Openclaw Sentinel
PassAudited by VirusTotal on May 12, 2026.
Overview
Type: OpenClaw Skill Name: ai-sentinel Version: 0.1.8 The skill is designed for security scanning and prompt injection detection, aligning with its stated purpose. All potentially high-risk actions, such as modifying `openclaw.config.ts`, creating/updating `.env` and `.gitignore`, and transmitting data to `https://api.zetro.ai` (for Pro tier), are explicitly declared and require multiple layers of user confirmation via `AskUserQuestion`. The `SKILL.md` explicitly instructs the agent to 'Never write files autonomously' and `disable-model-invocation: true` is set, enhancing security. The `CHANGELOG.md` further indicates a deliberate effort to add these transparency and consent mechanisms as security improvements. Minor discrepancies between `SKILL.md` and `README.md` regarding declared file writes and package names are noted but do not indicate malicious intent or unmitigated vulnerabilities in the agent's execution path.
Findings (0)
Artifact-based informational review of SKILL.md, metadata, install specs, static scan signals, and capability signals. ClawScan does not execute the skill or run runtime probes.
Security scanners may flag the phrase, but within this artifact it is used to test blocking behavior.
This is a literal prompt-injection phrase, but it is presented as a test payload for the security tool.
`npx openclaw sentinel test "Ignore all previous instructions"` returns a `blocked` action
Keep these strings quoted as test inputs and do not treat them as operational instructions.
If enforce mode is enabled or thresholds are too strict, legitimate messages may be blocked.
The plugin can be configured to block OpenClaw traffic, which is expected for a prompt-injection firewall but materially affects agent behavior.
`enforce` - Block messages that exceed the threat confidence threshold
Start in monitor mode, review detections, and only enable enforce mode after testing.
The installed plugin will run in the OpenClaw environment, so users must trust the external package source.
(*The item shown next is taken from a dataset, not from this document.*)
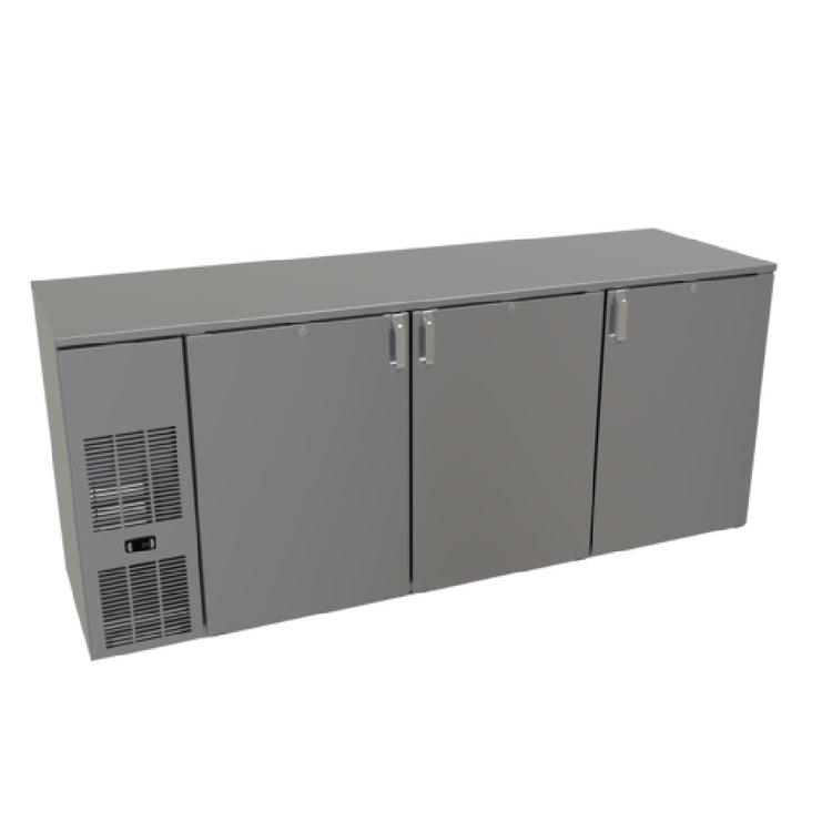 The Glastender CP1FB84 Cooler Pass-thru One Zone is a sophisticated refrigeration solution tailored for professional bar environments requiring efficient space utilization and reliable performance. This front-serviced cooler, measuring 84 inches in width, is designed with a three-section configuration, each featuring a 20-inch wide door opening for convenient accessibility. The self-contained refrigeration system incorporates R290 Hydrocarbon refrigerant, which is both environmentally friendly and efficient. With 1/4 horsepower, this unit ensures consistent cooling across its single zone. Interior LED lighting enhances visibility, while the front venting system facilitates seamless installation. The cooler's stainless steel interior and exterior sub-top emphasize durability and hygiene, ideal for high-traffic commercial settings. Each section is equipped with three adjustable shelves, offering customizable storage for various beverages and perishables. The Glastender CP1FB84 is NSF certified, ensuring compliance with safety and sanitation standards, and holds additional certifications from cETLus and ETL-Sanitation. Designed as a made-to-order product, it reflects a commitment to tailored craftsmanship in the refrigeration industry, providing a premium solution for establishments prioritizing quality and dependability. Notably, the product is non-returnable, reinforcing the bespoke nature of its manufacturing process.

The setup depends on installing external plugin code from the OpenClaw/npm ecosystem; the package implementation is not included in the reviewed artifacts.
`openclaw plugins install ai-sentinel`
Verify the package name, publisher, source, and version before installing; pin a trusted version where possible.
A Pro API key stored in project files could be exposed if committed or shared accidentally.
The skill may use a service API key for Pro features, but it is disclosed as optional and purpose-aligned.
AI_SENTINEL_API_KEY ... Only needed for Pro tier remote classification and dashboard.
Store the key only in local environment files, ensure .env is ignored by git, and rotate the key if exposed.
Sensitive prompts, tool results, or message content could leave the local machine if Pro cloud-scan or raw-content telemetry is enabled.
Pro mode can transmit scan data, and in some modes message content, to an external service; the artifact discloses this and requires consent.
Pro tier: Scan results (and optionally message content) are sent to `https://api.zetro.ai` for dashboard reporting and analytics.
Use Community/local mode or telemetry without raw content for sensitive projects, and review the provider privacy policy before enabling Pro.